Seven. When Teenager Two complains that there is “nothing to do,” employ the time-honored teen-irritation stratagem of suggesting wholesome, educational activities that he has no interest in. He could go to the library and take out a book on sea navigation so he doesn’t run aground when piloting his uncle’s power boat with his new boat-operator’s license . . . he could go to the library and take out a book on celestial navigation and plan an overnight boating excursion with Da Boyz to Cartwright Shoal (actually, he would enjoy that) . . . he could jog to the Y.M.C.A. RECenter and work out in the weight room . . . he could jog to the beach, drink a grape slushie, and jog back . . . don’t stop, keep going . . . he could dice the excessive number of August farm tomatoes on the kitchen cutting board where he left his socks and cook a pot of homemade spaghetti sauce . . . he could take a paint roller and gallon can of eggshell white from the basement and paint the old kids’ nursery-playroom so it is one step closer to being transformed into a teenage-fun den . . . keep going.

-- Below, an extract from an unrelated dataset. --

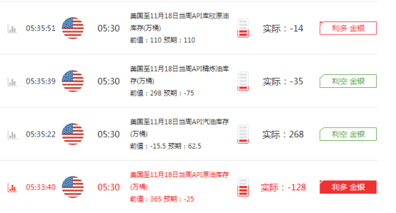 消息面 北京时间2016年11月23日05:30分,美国石油学会(API)公布了上周美国原油、汽油和精炼油库存情况,至11月18日当周API原油库存远大于前值和预期,精炼油库存也录得下降,唯有汽油库存增加。API数据的好坏参半,也使得结算后交易中油价没有出现较大波动。 另,OPEC维也纳会议也将在下周11月30日召开,就近日俄罗斯总统
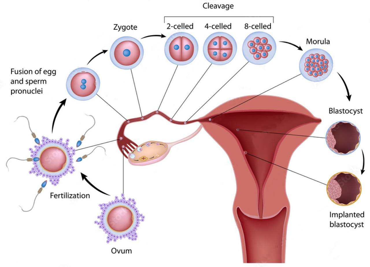 - After fertilization, the zygote divides and travels towards the uterus, transitioning into a morula, which is the 16-cell stage, and then into a blastocyst.

Eight. When he is still sleeping at 11 a.m. behind his closed bedroom door and you have been awake and working on the computer since 6 a.m., grab your iPhone, go up the stairs, knock, then enter to stand over him reading aloud viral “Texts From My Teenager” from an Instagram account called @the_leighton_show that you find particularly hilarious: “Can I use a Christmas stamp in July?” Start giggling. “Where do you buy the pasta water?” Try to pry the pillow that he is holding over his head from his hands so he can hear the hilarity. “Happy birthday. I adopted you a donkey.” Don’t stop. “All my friends are there. Walk normal.” Giggle so much he couldn’t hear you even if he took the pillow off his head.